From the beginning of the pandemic, I have strongly advised the use of vitamin D in the battle against COVID. Excellent research has found that you need a blood level of at least 50 ng/ml. Sadly, very few people get their blood tested for vitamin D. Past studies have generally found Americans have much lower levels.
Here is the big point. If public health agencies had pushed the wide use of vitamin D early in the pandemic, especially 5,000 units or more daily, there surely would have been virtually no pandemic. And no big need for COVID vaccines. It is a disgrace that governments worldwide have not promoted the use of D, and that physicians have not urged their patients to take it.
All this is inexplicable unless you see the evil influence of Big Pharma. All the US government officials who pushed vaccines over vitamin D, especially Fauci, should be criminally prosecuted.
Personally, I have been taking 8,000 units daily for some time, and when I pushed my doctor to order a test for D, my result was in the low 60s. In addition, to strengthen my immunity, I also take quercetin, zinc, and vitamin C. I also keep a supply of pills with a very high concentration of the key D chemical just in case of serious symptoms.
For those contemplating getting a vaccine or booster shot, it pays to seriously consider a high daily dose of D, including your children. Unlike vaccines with their multitude of serious adverse impacts, including death, there are no negative impacts of D. Note that even today, about 300 Americans are dying every day from COVID despite all the vaccine/booster shots. And if you choose the D strategy, please demand a blood test for D so you can confirm you are taking enough to get to at least 50 ng/ml in blood.
Below is a slightly edited set of conclusions of a very new, detailed review of D titled: Rapidly Increasing Serum 25(OH)D Boosts the Immune System, against Infections — Sepsis and COVID-19. It is not easy reading, but very high quality.
Conclusions from a review of the study:
A robust immune system is essential to overcome infections without complications. It depends on the adequate entry of vitamin D3 and 25(OH)D into immune cells for generating calcitriol. The latter required maintaining a serum 25(OH)D concentration of over 50 ng/mL
Therefore, to successfully manage and overcome an infectious epidemic or a pandemic, it is crucial to maintain the population’s serum 25(OH)D concentration above the mentioned therapeutic level. In acutely ill persons, especially those with vitamin D deficiency having infections, raising serum D3 and 25(OH)D concentrations quickly is paramount and life-saving. In these urgent situations, 0.5 to 1.0 mg of calcifediol can raise serum 25(OH)D concentrations above the minimum therapeutic levels of 50 ng/mL in four hours and boosts the immune system within a day that facilitates to overcome infections. While calcifediol raises serum 25(OH)D within hours, the oral administration of even high doses of vitamin D takes three to five days to raise serum 25(OH)D concentrations. This delay is due to its less efficient absorption than calcifediol and the need for vitamin D to undergo 25-hydroxylation in the liver, a rate-limiting step.
In acutely ill patients, as in those in the ICU, administering even high doses of oral D3 may take a week to increase serum 25(OH)D concentration.

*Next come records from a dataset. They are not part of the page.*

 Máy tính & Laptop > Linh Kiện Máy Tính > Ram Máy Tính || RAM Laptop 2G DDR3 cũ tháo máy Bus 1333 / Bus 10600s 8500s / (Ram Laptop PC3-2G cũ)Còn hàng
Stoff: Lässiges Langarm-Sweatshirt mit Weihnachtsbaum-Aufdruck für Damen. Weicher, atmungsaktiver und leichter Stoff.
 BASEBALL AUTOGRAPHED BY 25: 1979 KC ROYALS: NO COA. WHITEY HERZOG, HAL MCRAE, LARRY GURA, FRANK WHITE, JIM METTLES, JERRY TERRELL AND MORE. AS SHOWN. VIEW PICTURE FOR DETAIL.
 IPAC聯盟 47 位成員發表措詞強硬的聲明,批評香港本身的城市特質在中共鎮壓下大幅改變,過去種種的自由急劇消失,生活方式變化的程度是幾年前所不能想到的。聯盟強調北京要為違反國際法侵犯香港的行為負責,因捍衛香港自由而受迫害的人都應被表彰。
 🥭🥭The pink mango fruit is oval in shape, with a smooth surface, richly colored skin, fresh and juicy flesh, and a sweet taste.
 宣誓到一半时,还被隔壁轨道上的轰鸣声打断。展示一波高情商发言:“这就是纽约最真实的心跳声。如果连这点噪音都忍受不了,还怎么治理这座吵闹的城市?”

Therefore, it is unhelpful in emergencies like SARS-CoV-2 infections. With a weight-based, single dose of calcifediol, as described in Table 3, circulatory 25(OH)D concentrations are maintained for approximately 8 to 14 days. In contrast, parental high dose vitamin D3, administered as loading or bolus, will maintain serum 25(OH)D concentrations between two to three months. Although the circulatory half-life of D3 is short, due to the larger initial doses, it maintains a higher circulatory concentration of both Nutrients 2022, 14, 2997 23 of 30 D3 and 25(OH)D for several weeks—partly because of the release from the storage in fat and muscle tissues. Therefore, with calcifediol, one should administer a suitable higher dose of vitamin D3. This can be done using 50,000 IU vitamin D capsules in outpatients’ setups and emergencies.
Nevertheless, considering the non-genomic beneficial actions of vitamin D3 and its longer duration of physiological actions described above, the combination of D3 and calcifediol provides better clinical outcomes than either alone. Therefore, administering the proper doses of D3 and calcifediol is recommended for patients with infections as an adjunct therapy at the first outpatient or inpatient encounter. Multiple observational and RCTs have demonstrated that serum 25(OH)D concentrations (pre-infection or on admission) inversely correlated with the incidence, severity, and rates of death from COVID-19.

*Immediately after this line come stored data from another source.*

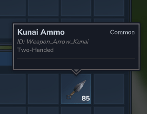 Se puede fabricar en la mesa de trabajo, utilizando la misma receta que el arco tosco. También utiliza munición de Kunai (tiene el mismo icono que el kunai, así que asegúrate de comprobar el nombre) que, por ahora, tiene la misma receta que las flechas.
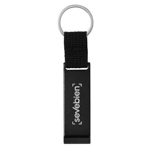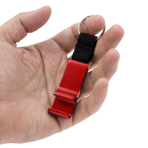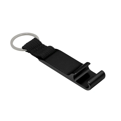 Elegante y práctico, el infaltable de bolsillo.Llavero destapador con correa de poliester color negro de 2.5 x 1.5cm. Pintura acabado brillante. Medidas: 9,5 x 1,9 cm.
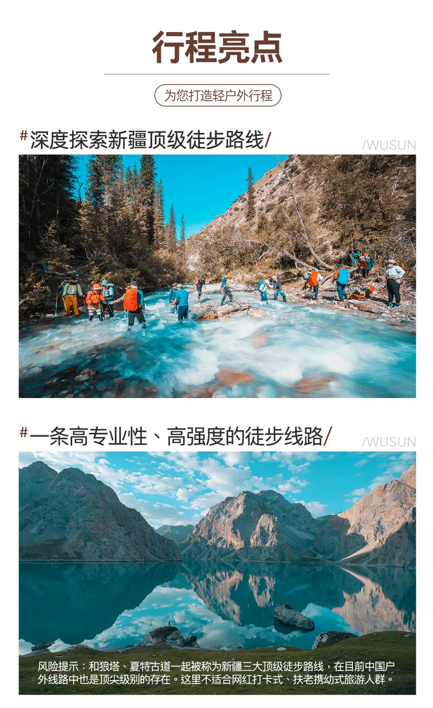 10、烏孫古道徒步穿越具有較大的風險,我們的領隊是多次帶隊烏孫古道,有一些甚至是每年6月到10月都在這條線上帶隊,具有良好和豐富的經驗,參與者在活動中務必聽從領隊的安排,以降低風險;
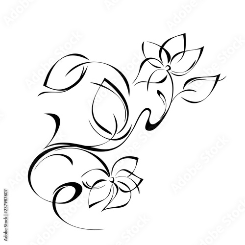 Set of luxury flowers and logo. Trendy botanical elements. Hand drawn line leaves branches and blooming. Wedding elegant wildflowers for invitation save the date card. Vector
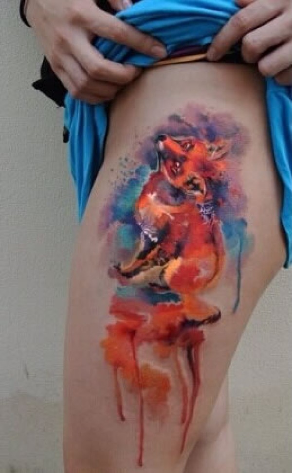 美女大腿上乖巧的狐狸纹身图片图片

Meanwhile, vitamin D supplementation significantly reduces complications and deaths. Irrespective of the regimen, initial bolus or loading doses of vitamin D and/or calcifediol should follow a daily or weekly, longer-term maintenance regimen. The described schedules in the three tables are highly cost-effective ways to raise serum 25(OH)D concentrations and maintain it to keep the immune system on high alert. Consequently, it prevents and/or reduces infections and complications from COVID-19 and other infections. For non-obese 70 kg adults, the recommended longer-term vitamin D3 maintenance dose is 5000 IU/(0.125 µg) day or 50,000 IU (1.25 mg)/week (or every ten days).
Nevertheless, this regimen takes a few months to reach the desired serum 25(OH)D concentration above 50 ng/mL. It can be expedited by ingesting vitamin D, 10,000 IU/day (250 µg/day) for 8 to 10 weeks and reverting to the daily dose of 5000 IU. Rectifying vitamin D deficiency costs less than 0.1% of the costs related to evaluating and treating comorbidities and complications associated with vitamin D deficiency. For example, in western countries, vitamin D supplementation to maintain serum 25(OH)D costs approximately $8 per person/year, versus an average cost of $5000 to $15,000/year per person to manage vitamin D deficiency-associated diseases and related complications. Despite a favorable cost-benefit ratio, availability as a non-prescription over-the-counter nutrient, and exemplary safety profile, millions of people become ill due to vitamin D deficiency requiring medical attention, markedly increasing the cost of healthcare.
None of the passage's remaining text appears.